New Data Makes Case for Anchovy Abundance as Oceana Lawsuit Continues
New, preliminary data from the California Cooperative Oceanic Fisheries Investigations (CalCOFI) have provided further evidence that California’s anchovy population is now at record high levels. The data come amid a renewed lawsuit by the environmental group Oceana that seeks to reduce the already very limited amount of anchovy caught commercially in California.
The preliminary data from the Southwest Fisheries Science Center Larval Lab weekly report on September 16 show that the 2019 spring CalCOFI survey documented the highest abundance of larval anchovy off the coast of California ever recorded — nearly double the record amount from the mid-1960s. It did not even include the tens of thousands of tons of anchovy that fishermen have reported in nearshore waters since 2015. This is the latest piece of evidence that the anchovy population is far more resilient than Oceana alleges, according to the California Wetfish Producers Association.

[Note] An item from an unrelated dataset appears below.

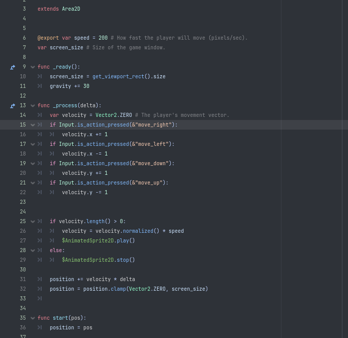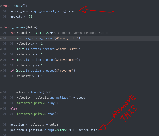 thank you! the code is the basic player movement code from the 2d movement tutorial on the godot website, because i’m new to GDscript and not confident in writing my own code. i’m not entirely sure what the viewport/screen size does here, and i couldn’t find any answers, so i didn’t want to fiddle with it without understanding.

Scientists have found that anchovy undergo large dynamic population swings naturally, even without fishing, and the precautionary fishing limits allowed have not harmed the ecosystem. But despite the latest evidence of anchovy abundance, Oceana is suing to further limit California’s small anchovy fishery.
Members of the Wetfish Producers Association have long held that massive schools of anchovies, particularly in California’s inshore areas, have not been properly counted. CWPA has worked to confirm the observations of its members in cooperative surveys with the Southwest Fisheries Science Center and the California Department of Fish and Wildlife. These nearshore surveys add evidence to the preliminary CalCOFI data: there are tens of thousands of tons of anchovies in inshore California waters, in addition to record abundance offshore. This explosion occurred in the presence of this small, historical fishery.
“There is an increasingly large body of evidence showing that anchovies are far more abundant than the allegations in Oceana’s lawsuit recognize,” Diane Pleschner-Steele, executive director of CWPA, said in a press release. “It’s why efforts to further restrict anchovy fishing are both unnecessary and harmful to West Coast fishing communities.”
However, Oceana still seeks stricter limits on the allowable catch of the central subpopulation of northern anchovy, which is currently set at 23,573 metric tons annually as a result of prior court rulings. The fishery typically catches less than 10,000 metric tons annually of this legally allowed amount.
” … the new rule would allow 23,573 metric tons of catch regardless of whether the population rapidly declines to very small levels, was at its historic average size, or was in a boom period. This unchanging catch limit ignores the agency’s legal duties to apply the best available science to anchovy management, and its non-discretionary
duty to adjust the catch limits based on best available science to prevent overfishing in the down years,” Oceana said in its most recent lawsuit.
The group said the Council should follow an annual management strategy that “sets annual catch limits based on the current estimates of abundance from acoustic trawl surveys that would prevent overfishing and ensure sufficient food for ocean wildlife in the future,” Oceana says on its website.
However, the additional studies show an overall picture of anchovy abundance that is higher than that shown by the acoustic trawl survey alone. Oceana representatives have argued in the past that the acoustic trawl survey is the most technologically advanced method — and therefore, the best science available — for assessing anchovy abundance. Industry members countered that identifying the amount of anchovies in nearshore areas using scientifically proven methods adds to the cumulative best available science; therefore, fishery managers should make their decisions based on information from the entire suite of available data.
In August, CWPA filed to intervene in Oceana’s latest lawsuit in order to participate in the proceedings and represent the interests of its members and fishing communities before the court. CWPA believes that the additional restrictions on the anchovy harvest being sought by the lawsuit are unnecessary, and would result in significant job loss and economic hardship for California’s wetfish fishermen and processors, and by extension, California communities and the state’s fishing economy.
“We believe that the evidence will show that anchovy is being managed precautionarily and with the conservation of the species in mind,” Pleschner-Steele said. “Best management practices and the best available science do not support the claims of overfishing made in the lawsuit.”